### Work order
Transcribe each of the records below exactly, excluding all pictures.

### Provided records
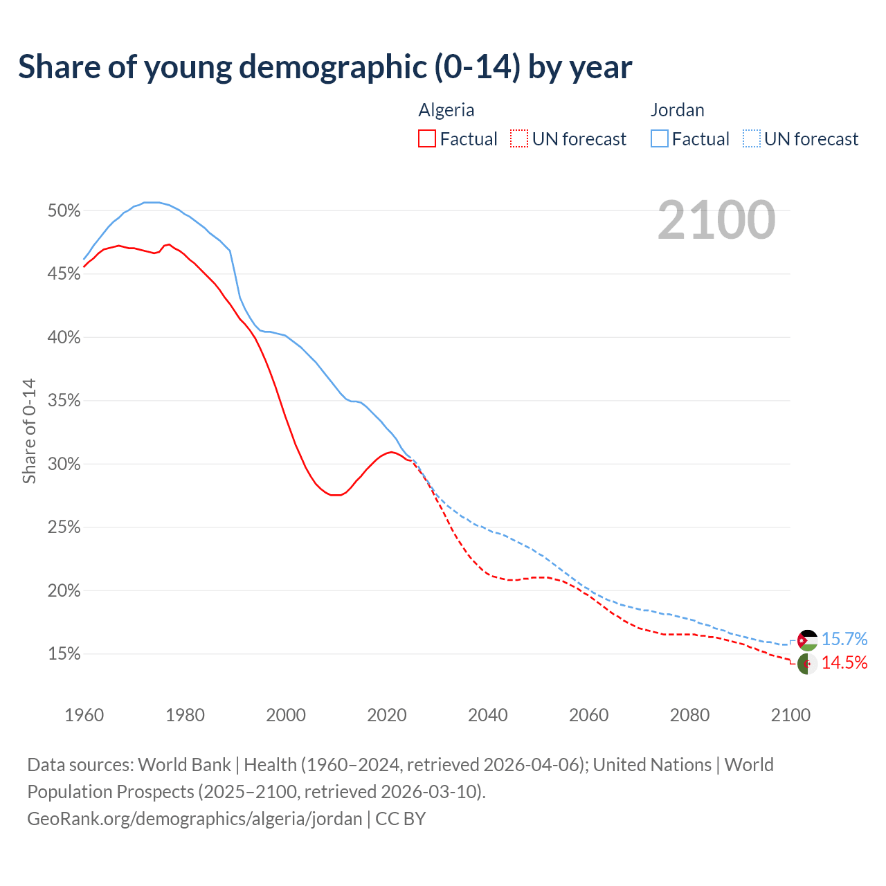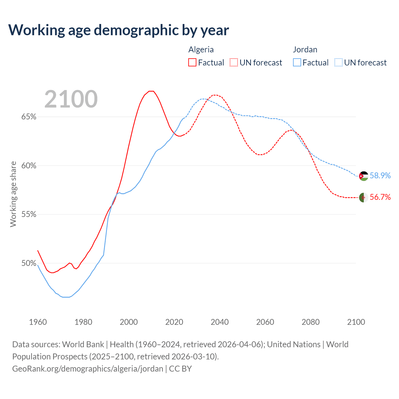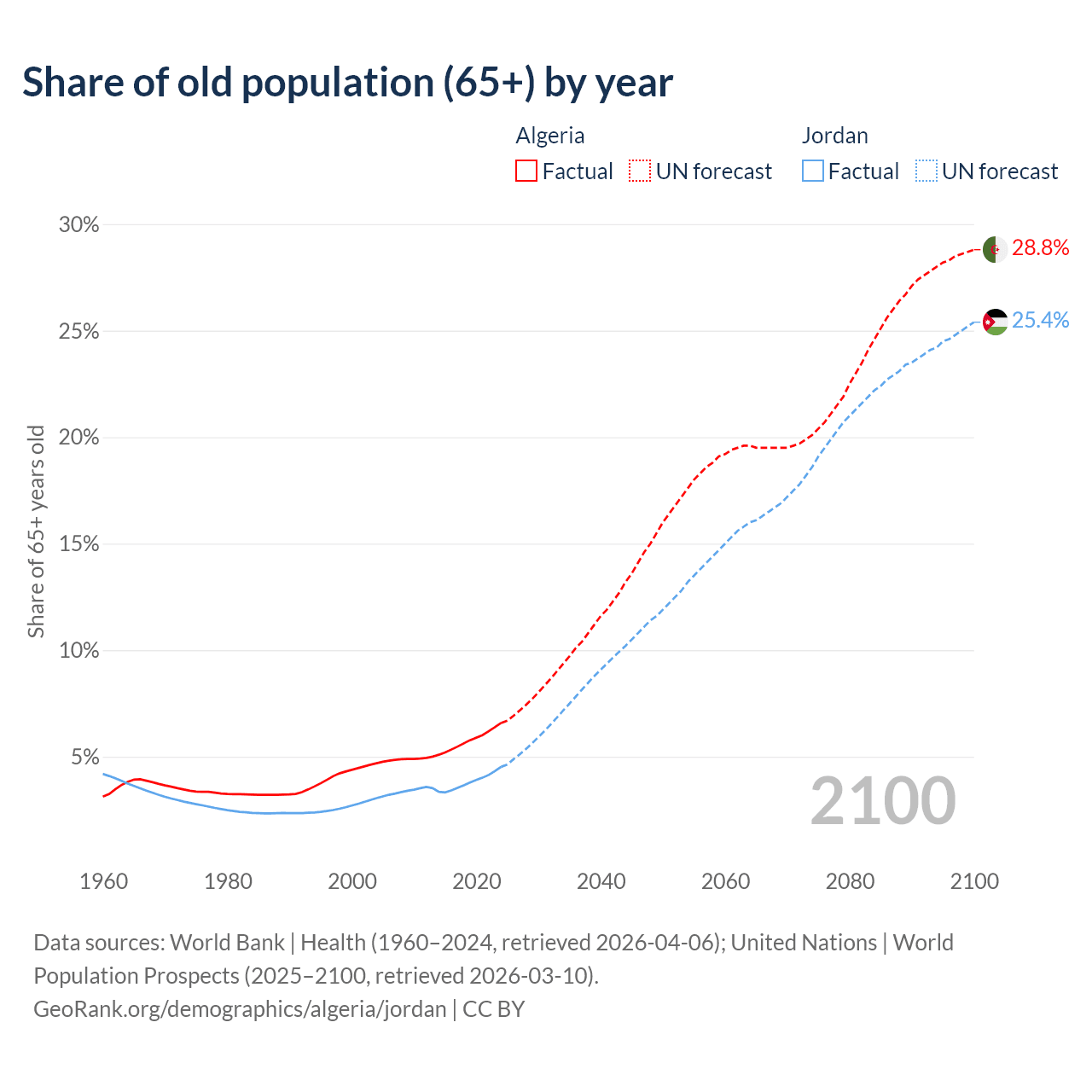 Median age Algeria vs Jordan, 1960-2100
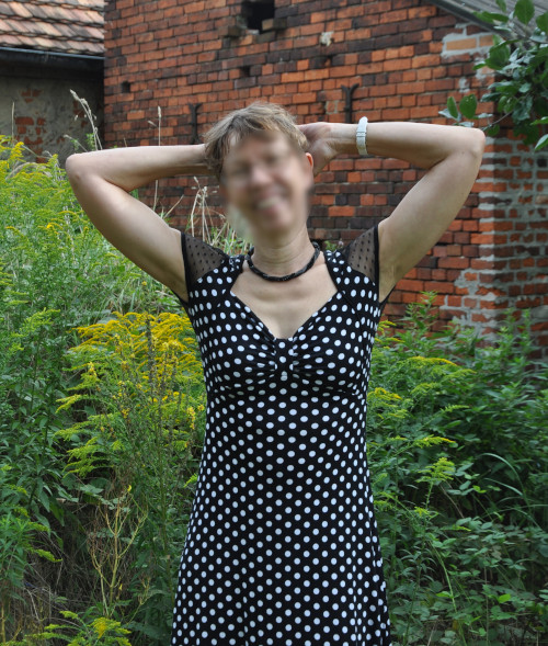 Als letztes habe ich mein Punktekleid (Fashion Style 6/2019 Nr 3) geändert. Ich habe es vor fast genau zwei Jahren genäht und so gut wie nie getragen, weil es eine kleine Raffung an der Seite hatte, die den Bauch so richtig unvorteilhaft modelliert hat. Außerdem hatte ich für die Ärmel keinen gepunkteten Tüll bekommen und statt dessen einen Chiffon verwendet. Tüll ist aber leicht elastisch, das war bei meinem Chiffon nicht der Fall. Dadurch war die Beweglichkeit in den Armen deutlich eingeschränkt.
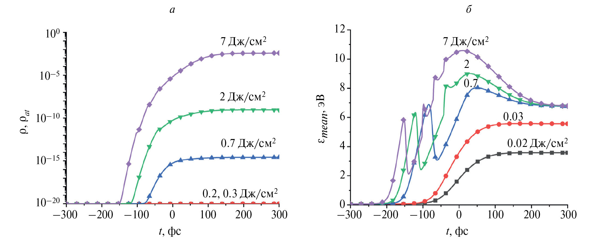 На рис. 1а представлена динамика плотности свободных носителей, индуцированных лазерным излучением, а на рис. 1б — динамика их средней кинетической энергии, рассчитанной по формуле (7). Даже при самом большом значении флюенса F = 7 Дж/см2, использованного в работе, плотность свободных носителей после прохождения импульса составляет не более 0.04 ρat, что свидетельствует о низком уровне возбуждения среды. Поэтому более тонкие факторы, влияющие на динамику носителей, например, изменение ширины запрещенной зоны или Оже-рекомбинацию, можно не учитывать.
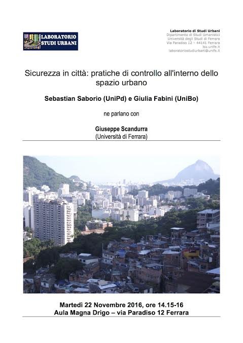 In questo lungo viaggio etnografico siamo partiti da Goro, passati per Milano, Roma e Barcellona e il prossimo martedi 22 novembre, dalle 14.15 alle 16.00 in Aula Magna Drigo del Dipartimento Studi Umanistici (via Paradiso, 12), arriveremo a Rio de Janeiro per poi concludere il nostro viaggio a Bologna.
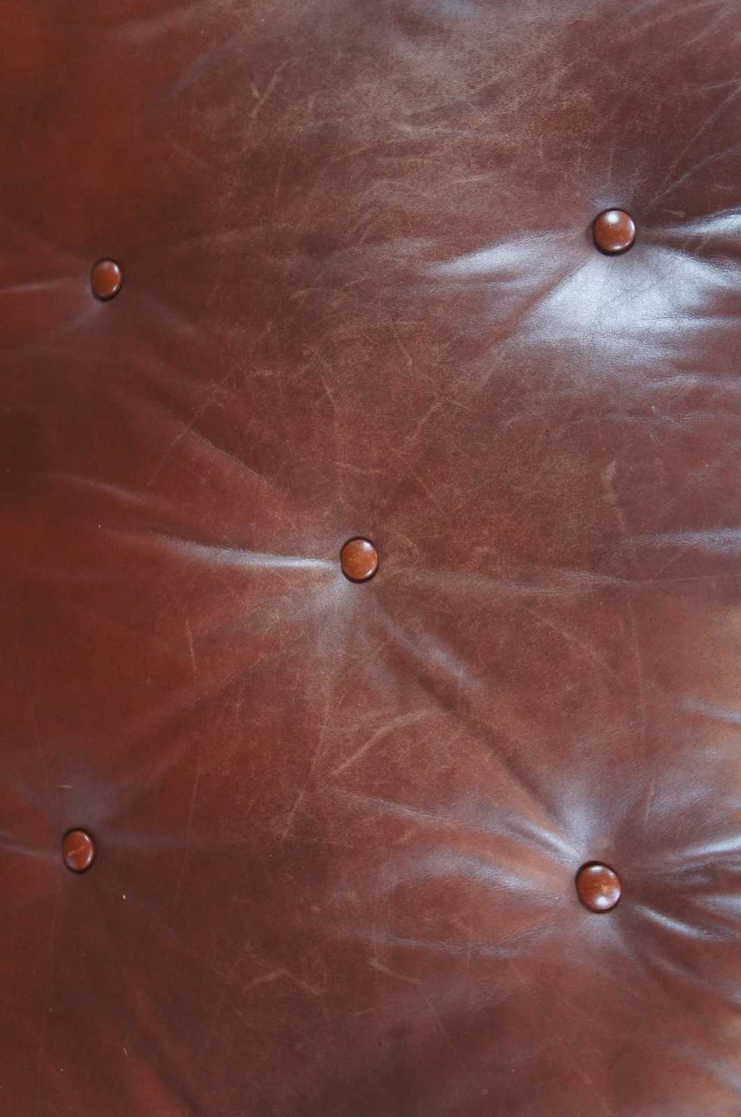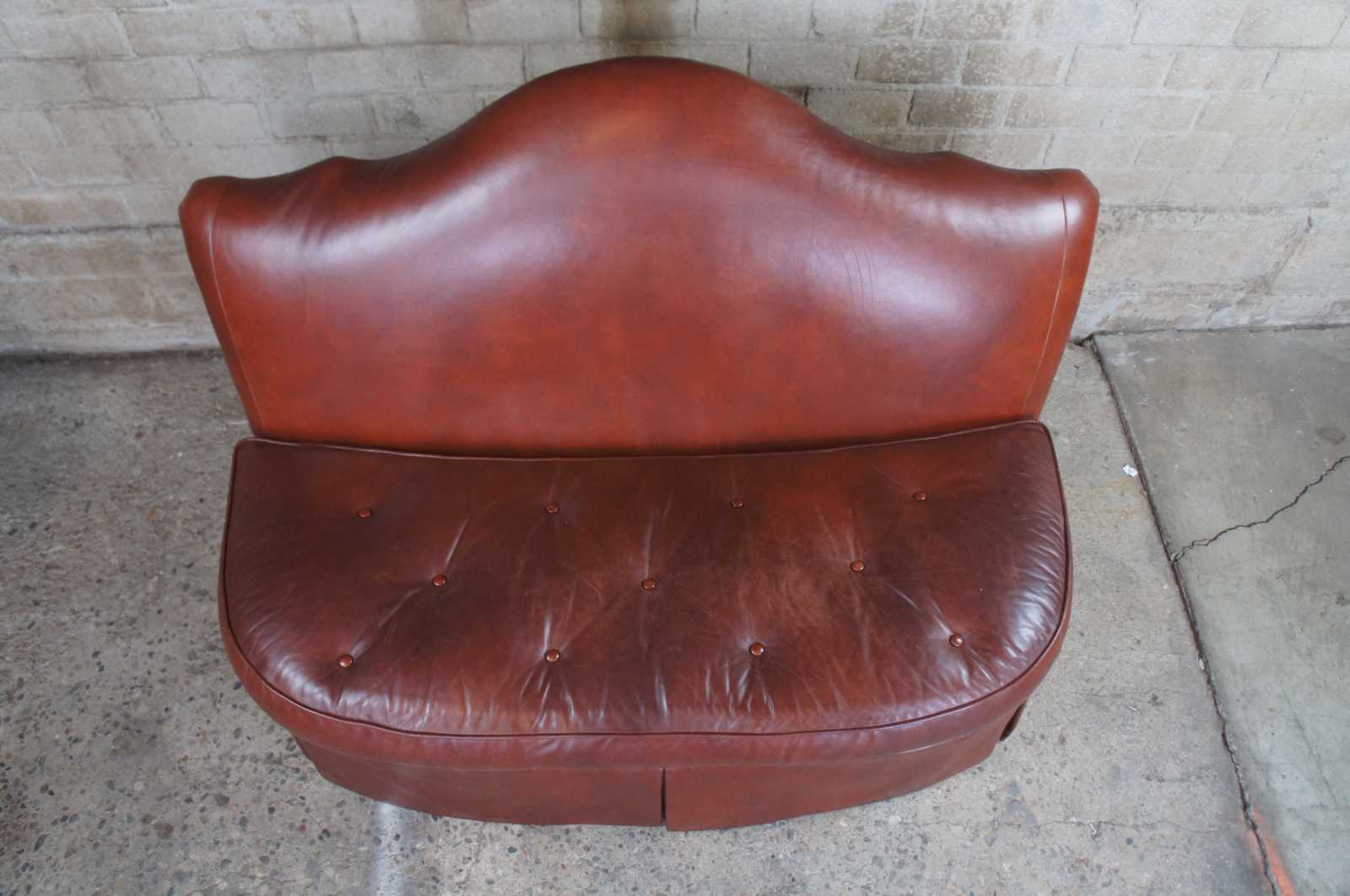 Century Furniture Camelback Banquette/Bench. Made from a warm brown leather with tufted kidney shaped seat. Front legs on casters for ease of movement.
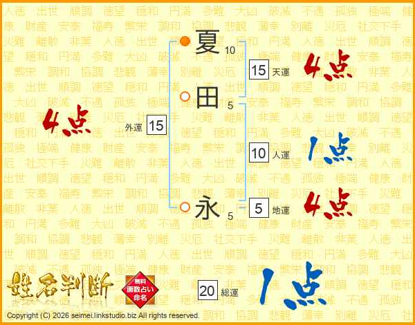 夏田永さんの天運は15画の4点!
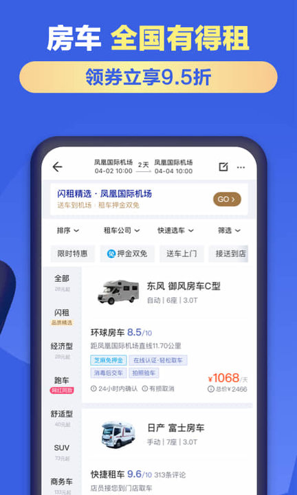 重新定义国内租车,享受8大特权,品质服务,优质体验。闪租特权包括:新车、洗车后交付、满油取车、无限里程、免费取消、充足车源、芝麻双免押、送车上门,更多租车特权也在抓紧上线中。
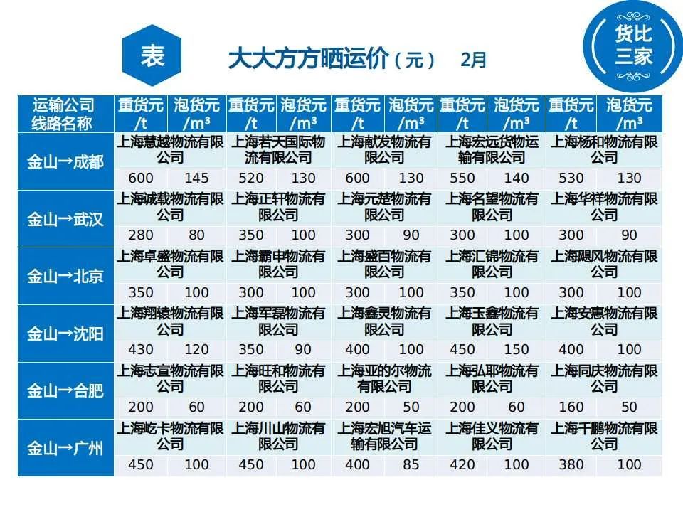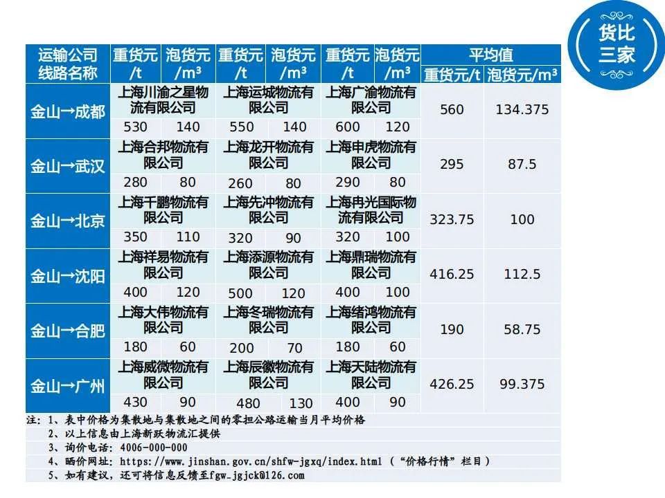 从金山出发,这6条线路运价→
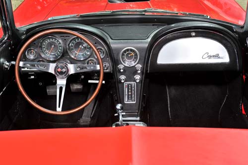 這部’64年出廠的Corvette Stingray C2車型,動力系統規格為5.4升 V8 OHC頂置式單凸輪軸汽油引擎,最大出力300hp/49.7kgm,隨著1963年第二代Corvette的C2大獲成功,當時GM高層決定針對外觀進行小小的調整,像Coupe車型的後擋風玻璃部分從此以後由分離式改為一體式,C柱後導風口面積也變得較大,車尾油箱蓋及上方的雙旗幟廠徽也跟著變化。新年式的C2也針對凸輪軸進行改良,讓最大馬力來到365hp,另外的燃油噴射版本,更讓動力提昇到375hp;價錢方面,當時敞篷款4,035美元的售價換算成目前市價大約22,000美元,在那個陽春麵每碗不到兩塊錢台幣的時代可不是阿貓阿狗都買得起。

### Solution to this task
 Median age Algeria vs Jordan, 1960-2100
 Als letztes habe ich mein Punktekleid (Fashion Style 6/2019 Nr 3) geändert. Ich habe es vor fast genau zwei Jahren genäht und so gut wie nie getragen, weil es eine kleine Raffung an der Seite hatte, die den Bauch so richtig unvorteilhaft modelliert hat. Außerdem hatte ich für die Ärmel keinen gepunkteten Tüll bekommen und statt dessen einen Chiffon verwendet. Tüll ist aber leicht elastisch, das war bei meinem Chiffon nicht der Fall. Dadurch war die Beweglichkeit in den Armen deutlich eingeschränkt.
 На рис. 1а представлена динамика плотности свободных носителей, индуцированных лазерным излучением, а на рис. 1б — динамика их средней кинетической энергии, рассчитанной по формуле (7). Даже при самом большом значении флюенса F = 7 Дж/см2, использованного в работе, плотность свободных носителей после прохождения импульса составляет не более 0.04 ρat, что свидетельствует о низком уровне возбуждения среды. Поэтому более тонкие факторы, влияющие на динамику носителей, например, изменение ширины запрещенной зоны или Оже-рекомбинацию, можно не учитывать.
 In questo lungo viaggio etnografico siamo partiti da Goro, passati per Milano, Roma e Barcellona e il prossimo martedi 22 novembre, dalle 14.15 alle 16.00 in Aula Magna Drigo del Dipartimento Studi Umanistici (via Paradiso, 12), arriveremo a Rio de Janeiro per poi concludere il nostro viaggio a Bologna.
 Century Furniture Camelback Banquette/Bench. Made from a warm brown leather with tufted kidney shaped seat. Front legs on casters for ease of movement.
 夏田永さんの天運は15画の4点!
 重新定义国内租车,享受8大特权,品质服务,优质体验。闪租特权包括:新车、洗车后交付、满油取车、无限里程、免费取消、充足车源、芝麻双免押、送车上门,更多租车特权也在抓紧上线中。
 从金山出发,这6条线路运价→
 這部’64年出廠的Corvette Stingray C2車型,動力系統規格為5.4升 V8 OHC頂置式單凸輪軸汽油引擎,最大出力300hp/49.7kgm,隨著1963年第二代Corvette的C2大獲成功,當時GM高層決定針對外觀進行小小的調整,像Coupe車型的後擋風玻璃部分從此以後由分離式改為一體式,C柱後導風口面積也變得較大,車尾油箱蓋及上方的雙旗幟廠徽也跟著變化。新年式的C2也針對凸輪軸進行改良,讓最大馬力來到365hp,另外的燃油噴射版本,更讓動力提昇到375hp;價錢方面,當時敞篷款4,035美元的售價換算成目前市價大約22,000美元,在那個陽春麵每碗不到兩塊錢台幣的時代可不是阿貓阿狗都買得起。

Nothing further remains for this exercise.